We’ve all been there, right? You’ve prepared your small group lesson, and you feel like the world’s greatest small group leader. You are going to inspire your group to awe and wonder about God. And then… someone asks the hard question. “Why did God command the Israelites to do that?” If God loves everyone, why did he let ____ happen in the Bible?”
The questions can startle us and, at first, there may be a temptation to gloss over the question, to give a simple answer about faith and trust, and move on. But let me challenge us. What that student needs is not our simple answer, but a complex wrestling with the God of the Bible, as Jacob did so long ago.

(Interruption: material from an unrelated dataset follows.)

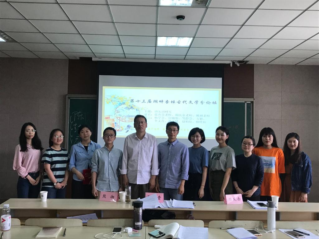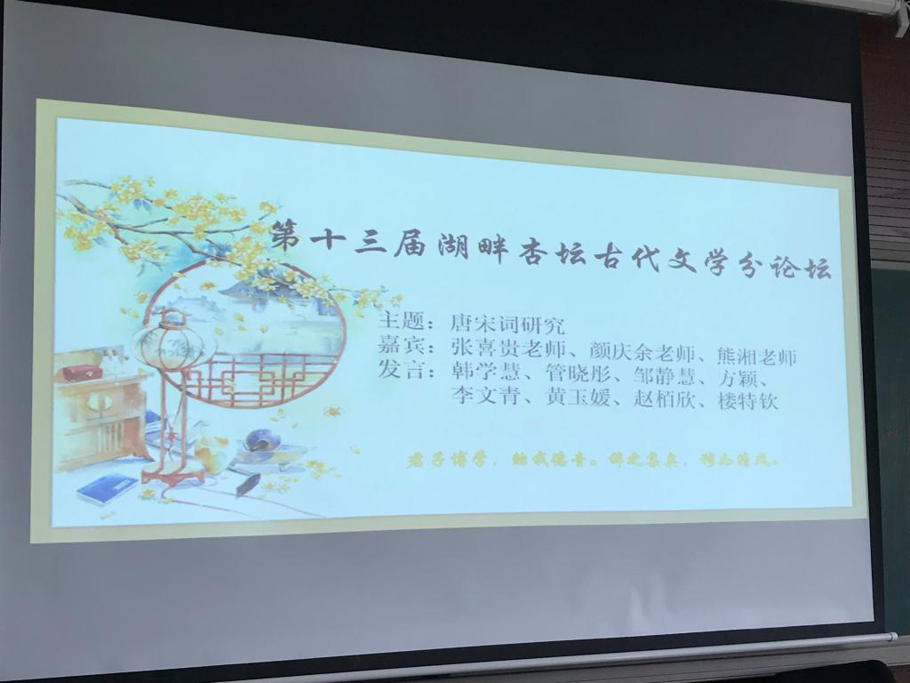 5月17日下午1:30,第十三届湖畔杏坛古代文学分论坛——唐宋词研究专题在田家炳楼315室成功举行。PlayAce张喜贵教授、颜庆余副教授、熊湘副教授担任此次论坛评委老师,8位17级中文系研究生担任主讲,18级中文研究生积极到场学习。本次论坛以“唐宋词研究”为主题,8位主讲人将自己研究的方向与论坛主题结合起来,为参加论坛的老师和同学们带来了一场精彩专业的学术交流活动。

Especially with teenagers today, there is a growing need for us to be on our A-game when it comes to teaching the Bible. Your students may have already spent hours on TikTok wrestling with biblical ideas and stories from both Christians as well as atheists. Students have more questions than ever and their desire to make sense of the Bible is at an all-time high.
As youth workers our desire is for students to begin to love the Bible as a dynamic story that they learn to live within. This means we need to approach our teaching and interpreting of the Bible in a dynamic way. Today’s students are not convinced by the old “the Bible says it, I believe it, that settles it” mantra. They want to know how to reconcile Jesus’ command to ‘love your enemy’, with Joshua’s conquest of Canaan. They want to know how to intellectually hold together the creation stories of Genesis with what they are learning in science class. To disciple the next generation, our own relationship with the Bible must become a dynamic, robust one. This starts with how we approach biblical hermeneutics or biblical interpretation.
Growing our relationship with the Bible:
The Bible is full of different types of writings. The Bible is an ancient and eclectic library comprised of various genres each with its own interpretive rules. Interpreting the Bible requires us to read and understand each text according to the genre it was written in. When we read the Bible with a flat lens and interpret everything the same, we miss much of the meaning and richness of the Bible.
Take for instance the poetic symbolism of the Psalms, which cannot all be read as commands, but rather evocative prayers. But when Jesus tells us to love our enemies, he does mean for us to literally love our enemies and pray for them. When you prepare your small group lesson, ask the question “What type of literature is this, and how is it best interpreted?”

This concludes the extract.